Faith is deliciously sensuous. It calls forth from us a long, loving look at the extravagant beauty of the world. Faith brings mindful seeing, a renewed attentiveness to the handiwork of God all around us. In faith, we are invited to attend to things small and large, fragile and threatening, with patience, delight, and awe. We are summoned to linger over particulars with heightened sensitivity and an expectation of surprise. Faith transfigures our casual seeing into the wonder-filled, wide-eyed gaze of a child. For Calvin, such seeing is an expression of gratitude, and when we fail at it, he judges us of guilty of "criminal apathy."
"Beauty, Whole and Broken" is a collection of photographs that invites us to acquit ourselves of the crime. These photographs celebrate two kinds of beauty. The first is whole beauty -- the beauty of pristine things free of defect and flaw. Such beauty is of things untouched by fallen human hands and free of tragedy, flaw, or brokenness. We see such beauty in the luminous blossoms of the dogwood, in a strand of seaweed floating aimlessly in dark waters, and in a moonrise over granite dells so strange in shape that we might mistake them for an alien world. To taste whole beauty is to taste the original goodness of God and the world and to be reminded that even though ours is but a small place in the world, it is a good place.

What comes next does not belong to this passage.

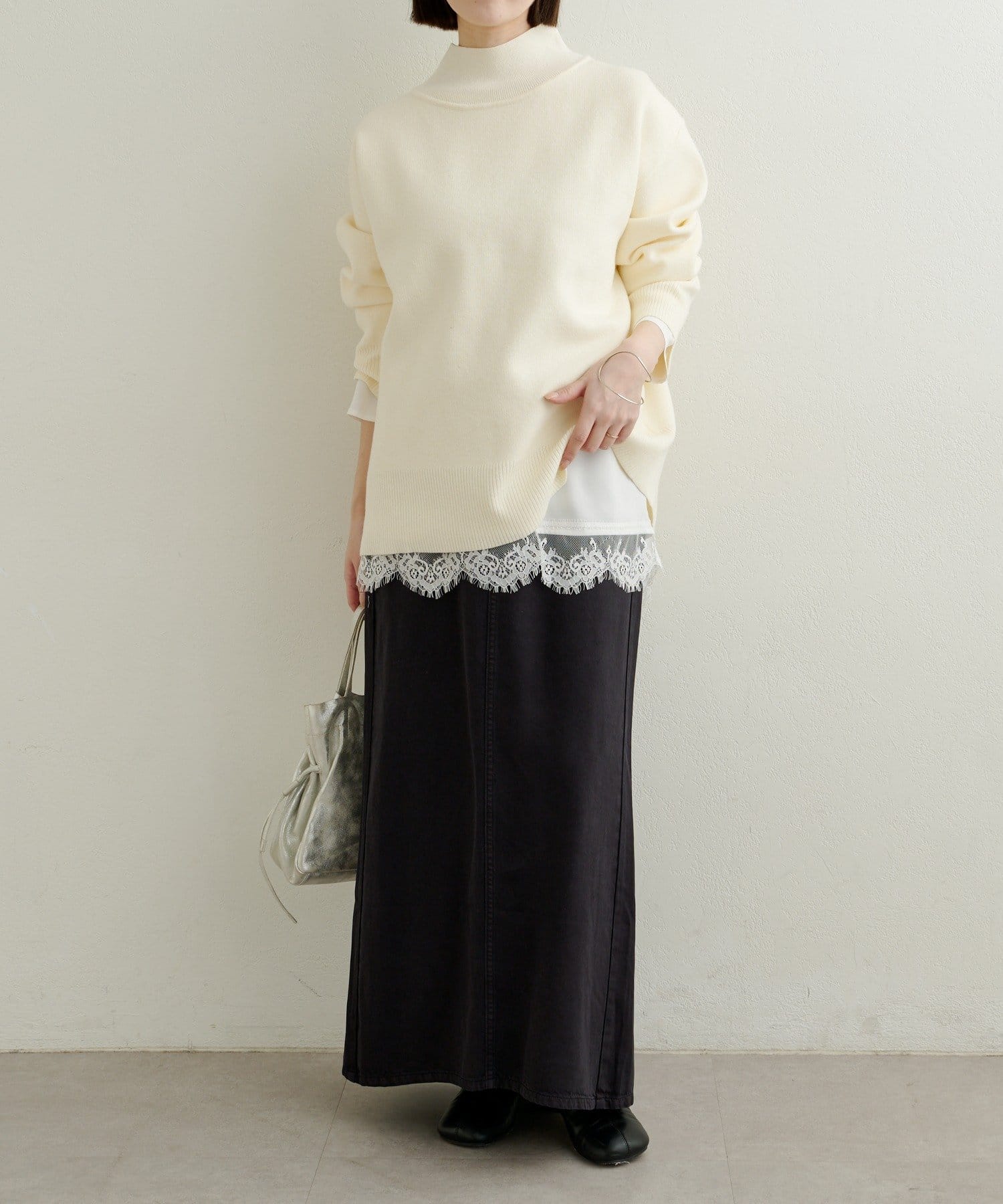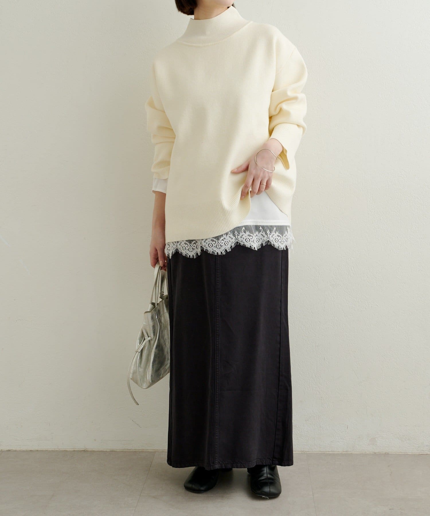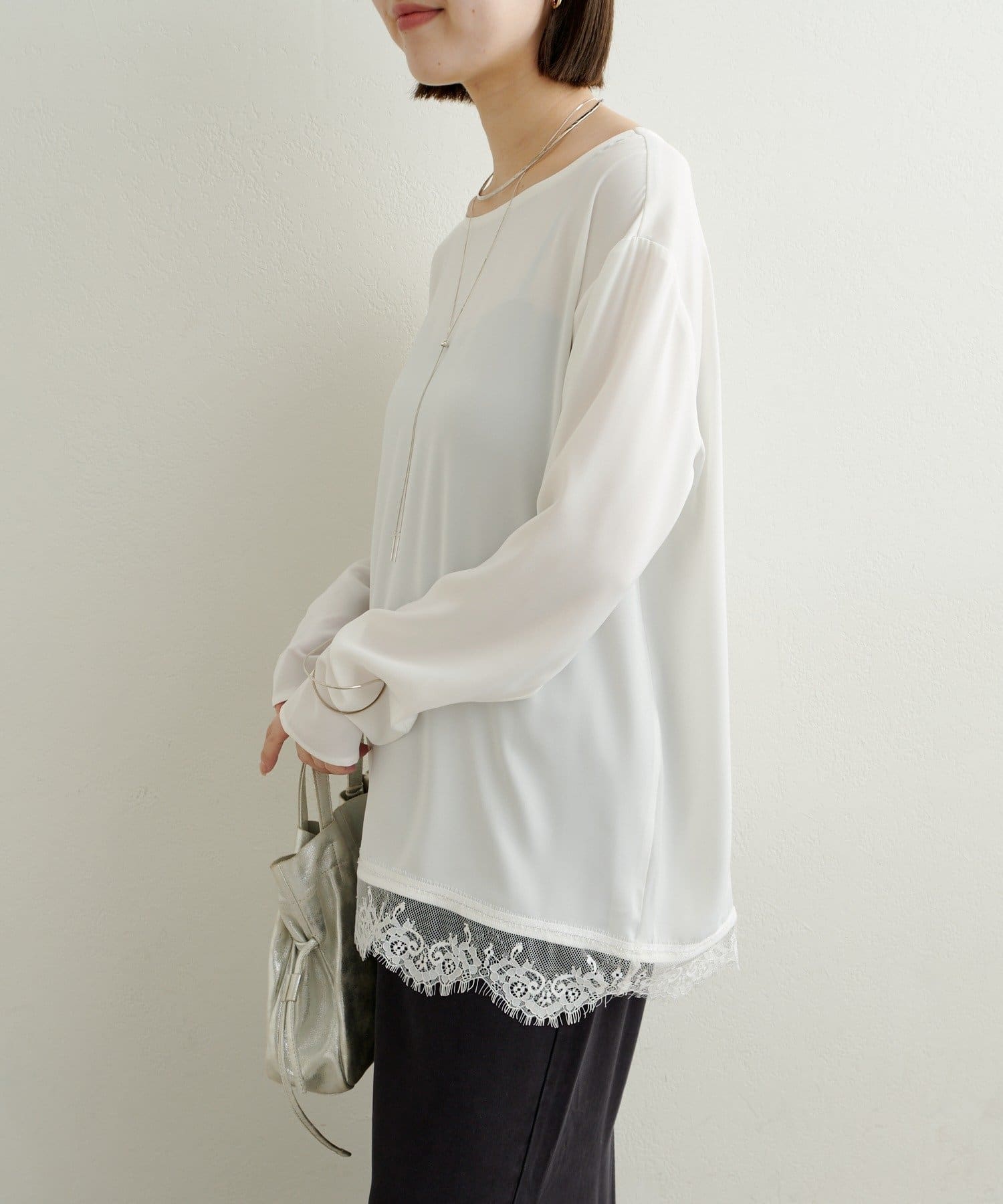 ・さりげないレースが女性らしさを演出してくれる一枚。

But even whole beauty gets broken. Wildfires ravage pristine landscapes. Here is another kind of beauty -- broken beauty. This is an improvised beauty that embraces tragic or flawed elements and transfigures them into something higher. We glimpse such beauty in the one-armed craftsman of hand-made jewelry whose hand holds a clip that echos his prosthesis. We see this beauty in the bliss of a boy riding a mechanical bull whose missing horn imperils the illusion. We see it in the bluesmen whose notes and voices squeeze beauty out of the depths of human suffering and anguish. To taste broken beauty is to taste redemption and to be reminded that God's beauty travels through the tragic rather than around it.
O Divine Beauty, "catch [us] on your tongue."